Discussion in 'Recording' started by Sean G, Jan 31, 2016.

  1. Sean G

    Sean G Well-Known Member

    The title says it all really...

  2. thatjeffguy

    thatjeffguy Active Member

    Excellent article... thanks for posting this!
  3. Sean G

    Sean G Well-Known Member

    I'm glad you found it informative Jeff @thatjeffguy

    This co-incides with what I think Bos @Boswell stated in another thread here on sampling rates.

    Sometimes its hard to get your head around this topic but I found this helped clarify some of the questions I had so I thought I'd share it with those that may not have read it already.

    I also found the white paper by Dan Lavry referenced and linked in this article a very interesting read indeed.

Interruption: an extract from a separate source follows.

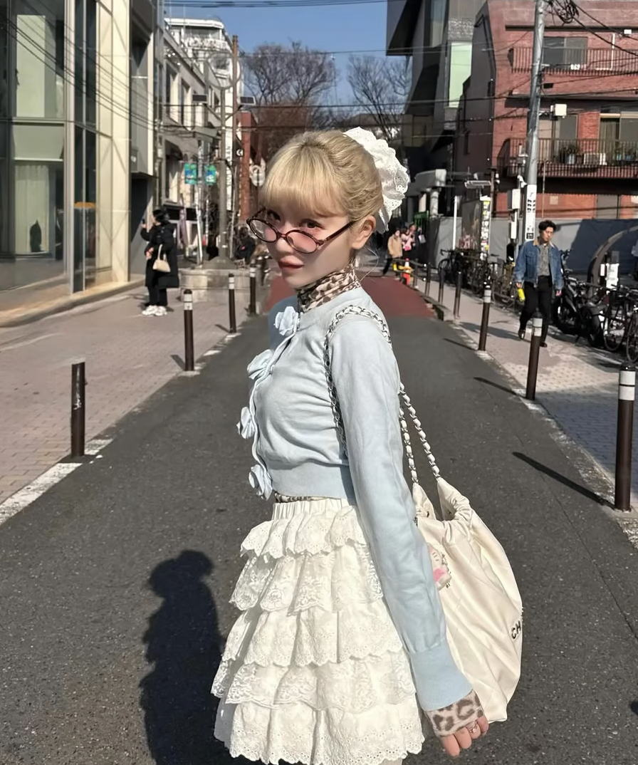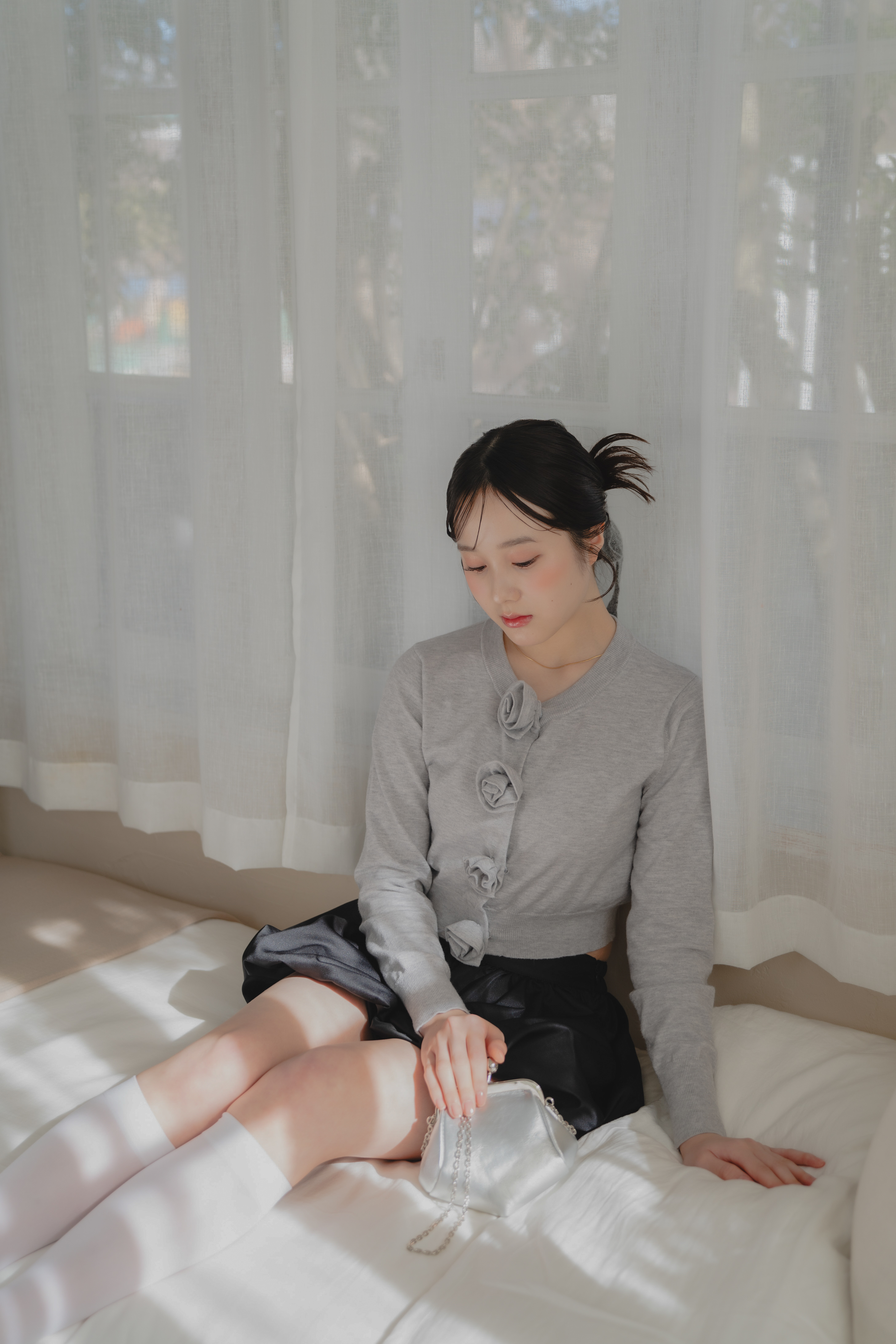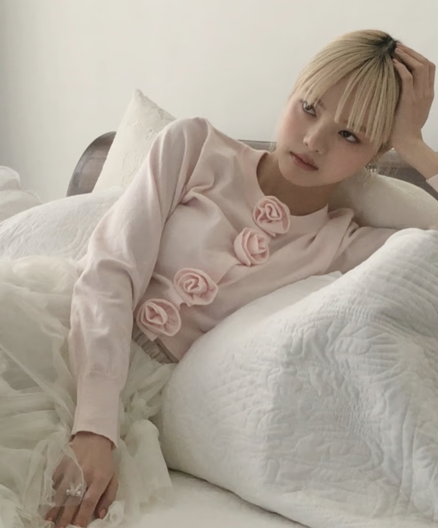 今季のシグネチャーモチーフでもあるローズを立体的なモチーフであしらい、華やかに仕上げたカーディガン。

    That can be found here http://www.lavryengineering.com/pdfs/lavry-white-paper-the_optimal_sample_rate_for_quality_audio.pdf

    More information can be found below

    Sampling, Oversampling, Imaging and Aliasing - A Basic Tutorial by Dan Lavry http://lavryengineering.com/pdfs/lavry-sampling-oversampling-imaging-aliasing.pdf

    There is also this white paper by Dan Lavry on sampling theory for audio here http://lavryengineering.com/pdfs/lavry-sampling-theory.pdf
  4. thatjeffguy

    thatjeffguy Active Member

    Many years ago I came across a white paper about Nyquist Theorem. It was very thorough and complex, especially the mathematical formulas. But I got the gist of it all, that it was possible to EXACTLY duplicate the sound wave as long as the frequency was less than one-half the sample rate. It didn't say "approximate", Nyquist's theorem proved the wave could be exactly replicated using just two or more data points. (Assuming a limited bandwidth signal).
    This was enough for me to resist the hype surrounding higher sample rates. I have stuck to 44.1 for nearly everything, the exception being I go to 48 for recordings that will go to video.
    Since the mathematical basis for conversion is based on Nyquist's work, it makes me wonder if the quality difference between various converters isn't due strictly due to filter design & component quality? Or have manufacturers experimented with variations on Nyquist's formula?
    Anyway, a very interesting topic, and very important concepts that every engineer should have a grasp on.
  5. Boswell

    Boswell Moderator Distinguished Member

    Thanks for linking that article, Sean. It's an interesting read, but there are some inconsistencies and omissions that serve to dilute its authority.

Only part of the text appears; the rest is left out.